Una storia a lieto fine

Fabrizio Pane, direttore dell’Unità operativa complessa di Ematologia e Trapianti di Midollo del Policlinico II di Napoli e Ivan Gentile, a capo dell’equipe di malattie infettive del medesimo nosocomio, raccontano la storia di una 62enne che ha affrontato una rara forma di leucemia e anche il covid-19.

“A marzo non si sapeva quasi nulla del decorso dell’infezione da coronavirus SARS-CoV-2, tantomeno nei casi in cui l’infezione interessava pazienti colpiti da una leucemica acuta che, già di per sé, può ridurre le difese immunitarie. Dovevamo considerare seriamente, tra i possibili esiti del trattamento della paziente, una potenziale riattivazione o reinfezione dal virus. Così come può accadere per altre infezioni virali come quelle da virus di Epstein Barr o da Citomegalovirus”.

Inizialmente la cura per la leucemia non ha dato gli effetti sperati e di certo l’arrivo del coronavirus non ha aiutato, ma grazie ad un trattamento sperimentale, gli effetti a lungo termine ci sono stati.

Appena la situazione è apparsa stabile, la malata è stata sottoposta al primo trapianto di midollo mai realizzato in Europa in un paziente con infezione da Covid-19, effettuato nel centro dedicato della UOC di Ematologia della Federico II .

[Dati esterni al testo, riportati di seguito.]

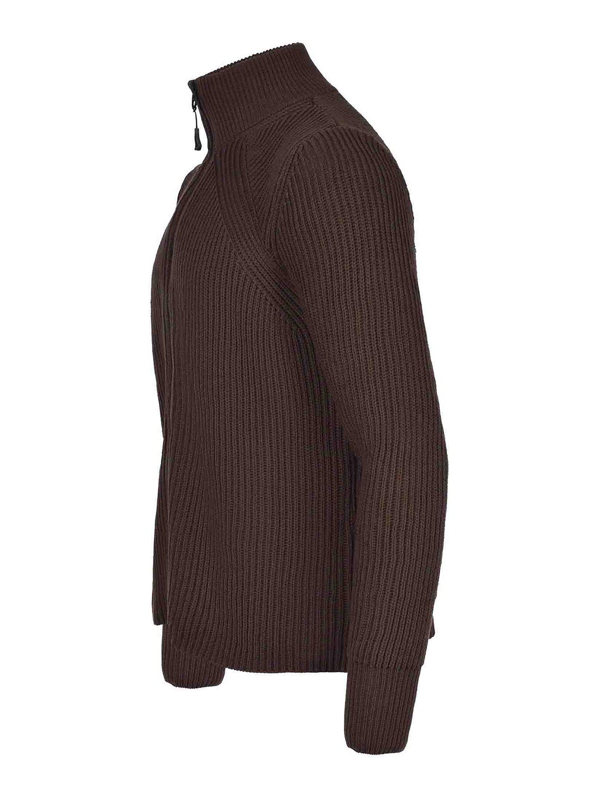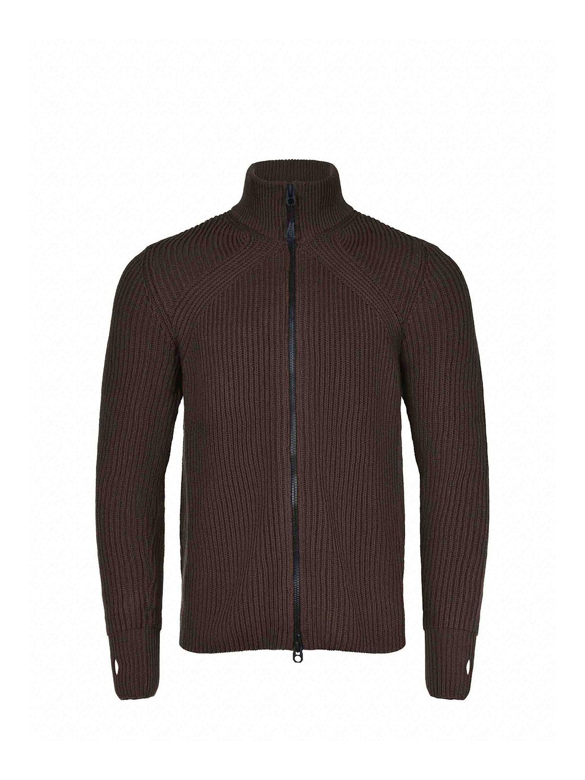 コーヒーカラーのコットン製Jg1セーター。リブ編み。ハイネック。ダブルスライダージッパー。親指穴付きの長袖。100% コットン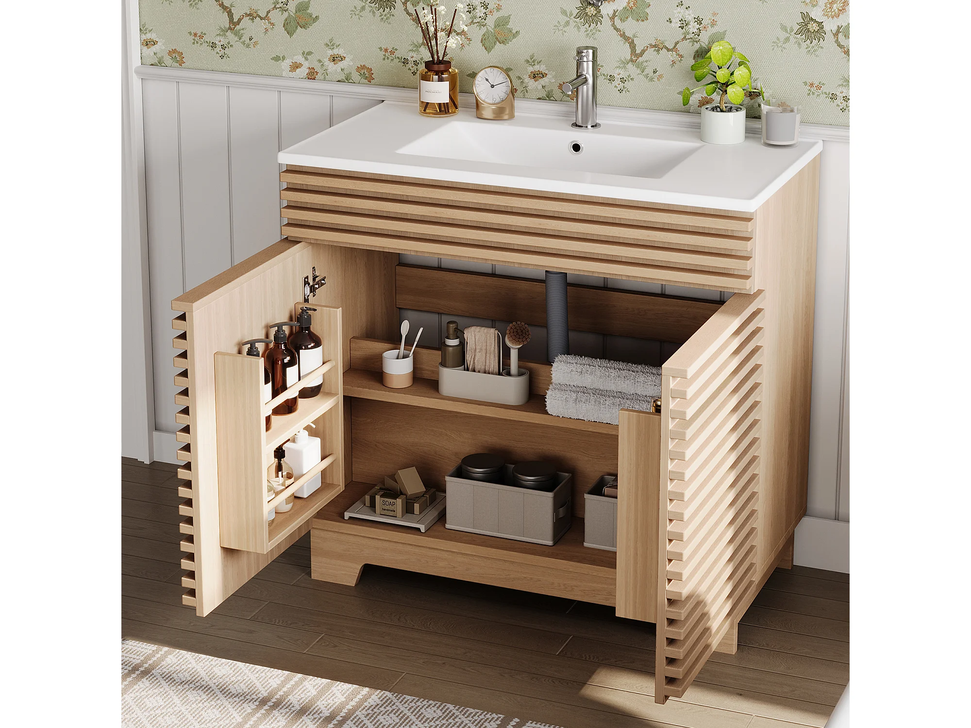 Badkamermeubel - 91 x 46 x 86,5 cm - natuurlijke afwerking - met 2 opbergdeuren + wastafel - MDF - naturel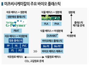 미츠비시케미칼(MCC: Mitsubishi Chemical)은 사회문제에 대한 대응방안을 늘리기 위해 다양한 바이오매스 플래스틱을 개발하고 용도를 개척하는 전략을 추진하고 있다. 최근에는 에폭시수지(Epoxy Resin) 바이오화, 유기자원 리사이클 시스템 구축 등 사회적 니즈를 충족하기 위한 대책에 주력하고 있다.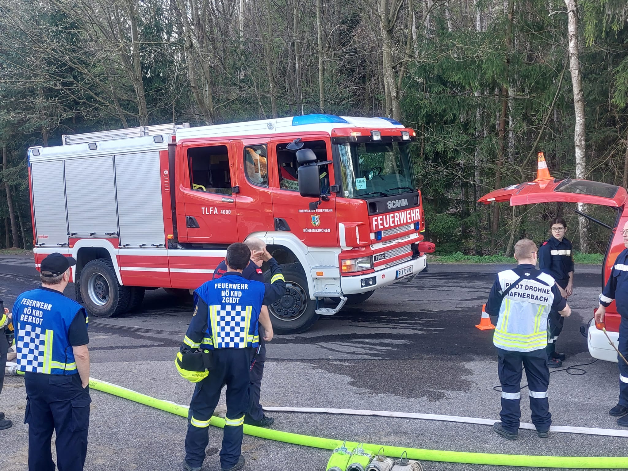 Übungsszenario war ein Waldbrand, der sich auf einen benachbarten Wald auszubreiten drohte.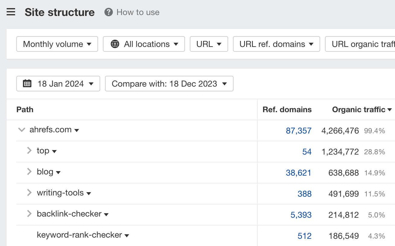 With the Site structure report, you get a super visual and intuitive way to understand how a website’s pages are organized, and see which sections of their website bring the most amount of organic search traffic.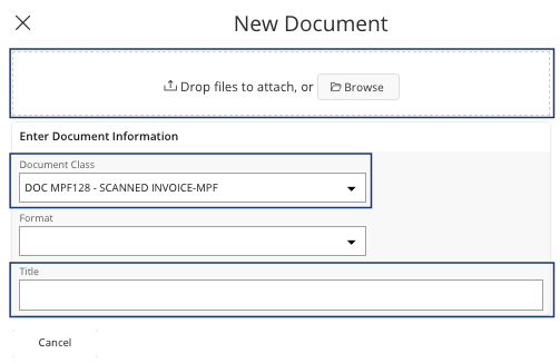 - For a scanned invoice, choose the Document Class that corresponds to the document class 128 for your company. For example, for MPF it is: DOC MPF128.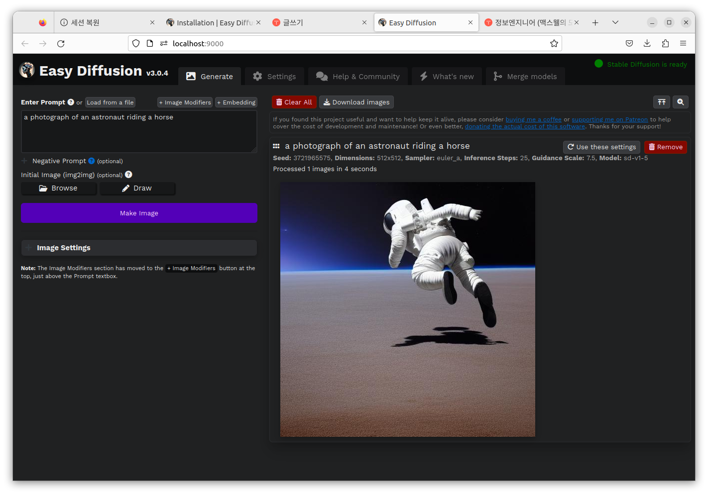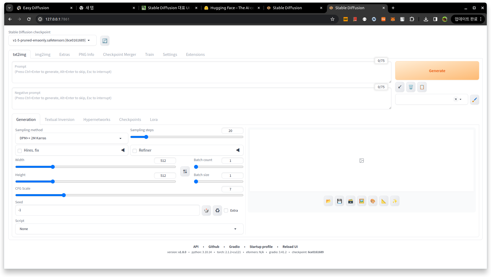 생성형 이미지의 대표주자인 Stable Diffusion을 설치해서 실행해보자. 많은 것들이 그간 발전했고 easy diffusion이라는 멋진 웹인터페이스까지 만들어진 오픈소스가 존재한다.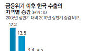 금융위기 이후 한국 경제성장의 절반 이상이 중국(홍콩 포함)과의 교역효과에서 발생했다는 분석이 나왔다. 중국 경제성장률이 1%포인트 움직일 경우 한국의 대중(對中) 수출 물량은 2.9% 변화한다는 계산도 나왔다. 산업연구원은 22일 ‘금융위기 이후 한국 경제의 중국 의존도 추이와 시사점’ 보고서를 통해 이같이 밝히고 “중국에 대한 한국의 교역의존도 및 수출증가율은 주요국 중 가장 높은 수준”이라고 분석했다. 이 보고서는 한국의 2008년 상반기(1∼6월) 국내총생산(GDP)과 2010년 상반기 GDP를 비교했다. 이 기간 GDP는 4.2% 증가했는데, 이 중 대중 순수출의 성장기여도가 2.2%에 이르렀다. 강두용 산업연구원 동향분석실장은 “이는 52%의 기여율”이라며 “금융위기 이후 중국경제 호조로 한국의 대중 수출이 늘어나면서 이 효과가 국내 경기 회복에 주도적 역할을 한 것”이라고 풀이했다. 이 기간에 한국의 대중 수출증가율은 19.2%였다. 이는 미국(17.3%) 독일(11.0%) 일본(6.3%) 프랑스(―7.8%) 영국(―28.1%) 등 주요국의 대중 수출 증가율 중에서 가장 높은 수준이었다. 한편 2010년 상반기 기준 대중 수출이 한국 총수출에서 차지한 비중은 31%로 집계됐다. 이는 다른 주요 선진국으로의 수출 비중을 모두 합한 것보다 높은 수치다. 특히 전자부품과 석유화학의 대중 수출의존도는 각각 56%, 44%에 달했다. 합섬원료(83%), 석유화학 중간원료(73%) 등 품목은 대중 수출 의존도가 절반을 훌쩍 넘어섰다.임우선 기자 imsun@donga.com}

Il direttore generale Anna Iervolino ha dichiarato: “Come Azienda ospedaliera universitaria – ricorda il direttore generale arriveremo presto all’attivazione programmata dalla Regione di 150 posti letto Covid, uno sforzo enorme al quale non ci siamo mai sottratti ma che compiamo senza rinunciare nell’interesse dei nostri pazienti ad un’attività di cura di altissima specialità”.